→ **Provided data**:
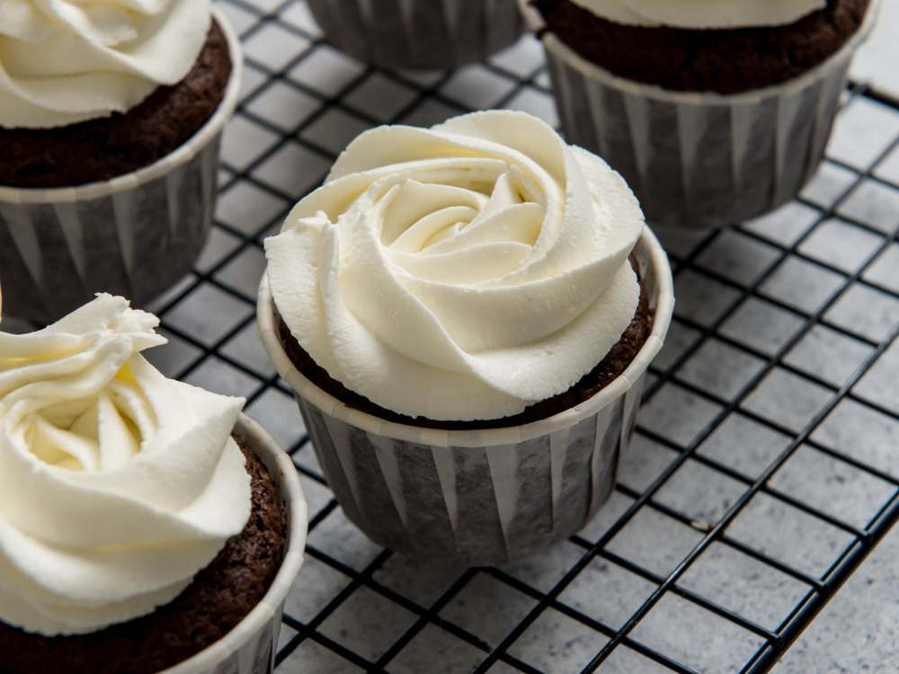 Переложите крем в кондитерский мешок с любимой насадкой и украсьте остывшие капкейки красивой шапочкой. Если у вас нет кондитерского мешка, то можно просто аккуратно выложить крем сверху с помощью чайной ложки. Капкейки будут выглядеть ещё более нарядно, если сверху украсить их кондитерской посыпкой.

...

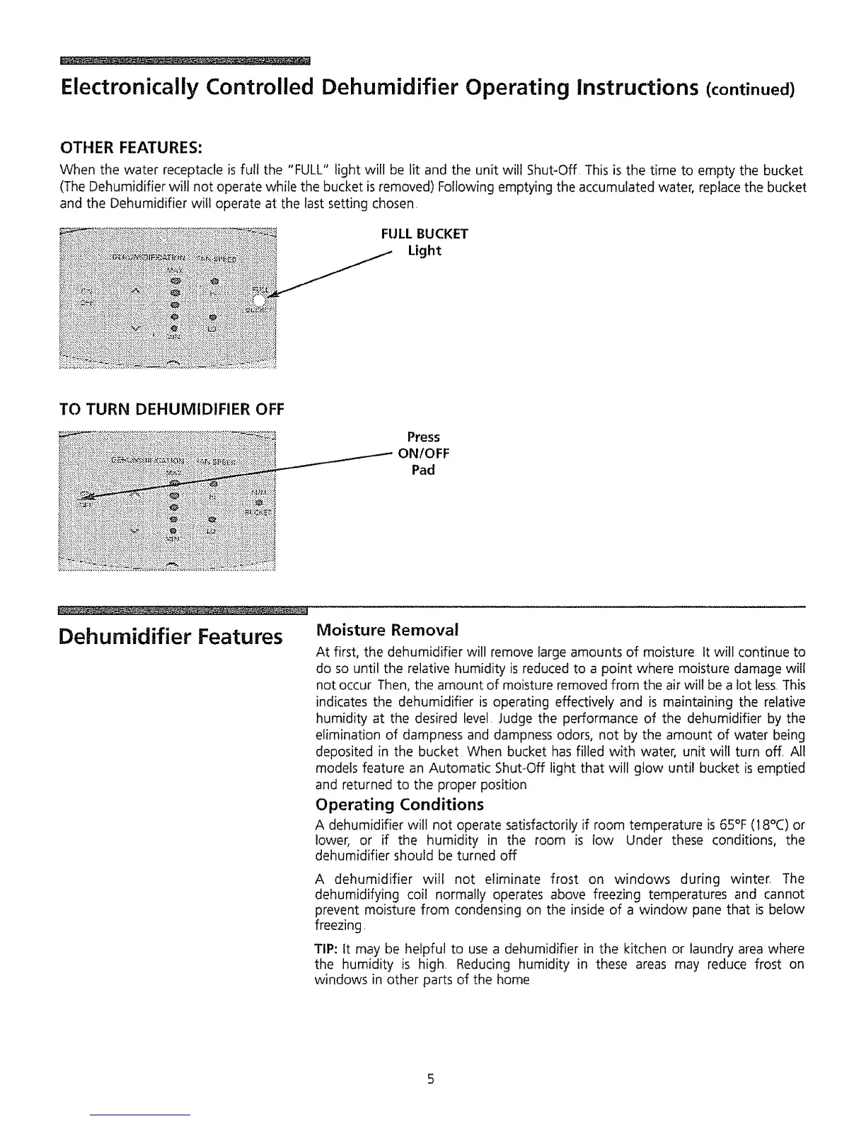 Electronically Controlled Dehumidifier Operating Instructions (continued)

...

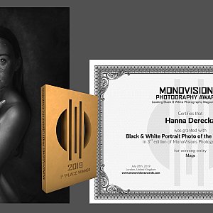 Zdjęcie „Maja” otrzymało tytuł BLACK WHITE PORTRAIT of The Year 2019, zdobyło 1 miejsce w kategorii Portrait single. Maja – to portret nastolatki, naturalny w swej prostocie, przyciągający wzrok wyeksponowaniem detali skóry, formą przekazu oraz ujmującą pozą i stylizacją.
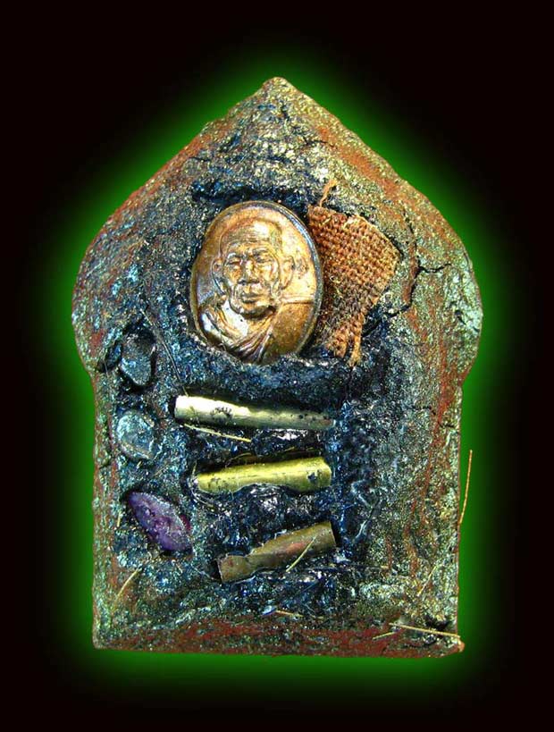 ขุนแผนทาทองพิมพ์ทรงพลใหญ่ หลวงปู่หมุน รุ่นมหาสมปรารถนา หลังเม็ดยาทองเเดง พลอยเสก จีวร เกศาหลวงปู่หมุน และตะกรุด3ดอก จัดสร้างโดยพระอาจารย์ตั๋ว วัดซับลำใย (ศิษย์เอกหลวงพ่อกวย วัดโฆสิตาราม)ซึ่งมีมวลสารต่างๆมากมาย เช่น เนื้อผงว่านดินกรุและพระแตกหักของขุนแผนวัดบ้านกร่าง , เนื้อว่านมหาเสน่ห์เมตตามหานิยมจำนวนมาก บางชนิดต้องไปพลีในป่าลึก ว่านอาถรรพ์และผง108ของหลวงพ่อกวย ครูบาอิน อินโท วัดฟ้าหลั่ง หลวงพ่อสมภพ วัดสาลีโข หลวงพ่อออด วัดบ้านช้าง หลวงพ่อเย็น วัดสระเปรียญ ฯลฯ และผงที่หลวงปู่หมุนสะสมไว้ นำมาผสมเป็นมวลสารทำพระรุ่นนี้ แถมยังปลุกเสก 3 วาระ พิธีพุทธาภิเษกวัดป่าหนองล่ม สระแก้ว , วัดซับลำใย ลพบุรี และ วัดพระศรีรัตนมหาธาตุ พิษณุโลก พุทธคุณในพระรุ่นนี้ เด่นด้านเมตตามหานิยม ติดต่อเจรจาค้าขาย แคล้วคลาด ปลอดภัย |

→ **Work to complete**: Copy only what runs above from the line containing "pozą i stylizacją." through the line containing "ขุนแผนทาทองพิมพ์ทรงพลใหญ่ หลวงปู่หมุน รุ่นมหาสมปรารถนา", exactly. Leave out the pictures.

→ **Written answer**:
 Zdjęcie „Maja” otrzymało tytuł BLACK WHITE PORTRAIT of The Year 2019, zdobyło 1 miejsce w kategorii Portrait single. Maja – to portret nastolatki, naturalny w swej prostocie, przyciągający wzrok wyeksponowaniem detali skóry, formą przekazu oraz ujmującą pozą i stylizacją.
 ขุนแผนทาทองพิมพ์ทรงพลใหญ่ หลวงปู่หมุน รุ่นมหาสมปรารถนา หลังเม็ดยาทองเเดง พลอยเสก จีวร เกศาหลวงปู่หมุน และตะกรุด3ดอก จัดสร้างโดยพระอาจารย์ตั๋ว วัดซับลำใย (ศิษย์เอกหลวงพ่อกวย วัดโฆสิตาราม)ซึ่งมีมวลสารต่างๆมากมาย เช่น เนื้อผงว่านดินกรุและพระแตกหักของขุนแผนวัดบ้านกร่าง , เนื้อว่านมหาเสน่ห์เมตตามหานิยมจำนวนมาก บางชนิดต้องไปพลีในป่าลึก ว่านอาถรรพ์และผง108ของหลวงพ่อกวย ครูบาอิน อินโท วัดฟ้าหลั่ง หลวงพ่อสมภพ วัดสาลีโข หลวงพ่อออด วัดบ้านช้าง หลวงพ่อเย็น วัดสระเปรียญ ฯลฯ และผงที่หลวงปู่หมุนสะสมไว้ นำมาผสมเป็นมวลสารทำพระรุ่นนี้ แถมยังปลุกเสก 3 วาระ พิธีพุทธาภิเษกวัดป่าหนองล่ม สระแก้ว , วัดซับลำใย ลพบุรี และ วัดพระศรีรัตนมหาธาตุ พิษณุโลก พุทธคุณในพระรุ่นนี้ เด่นด้านเมตตามหานิยม ติดต่อเจรจาค้าขาย แคล้วคลาด ปลอดภัย |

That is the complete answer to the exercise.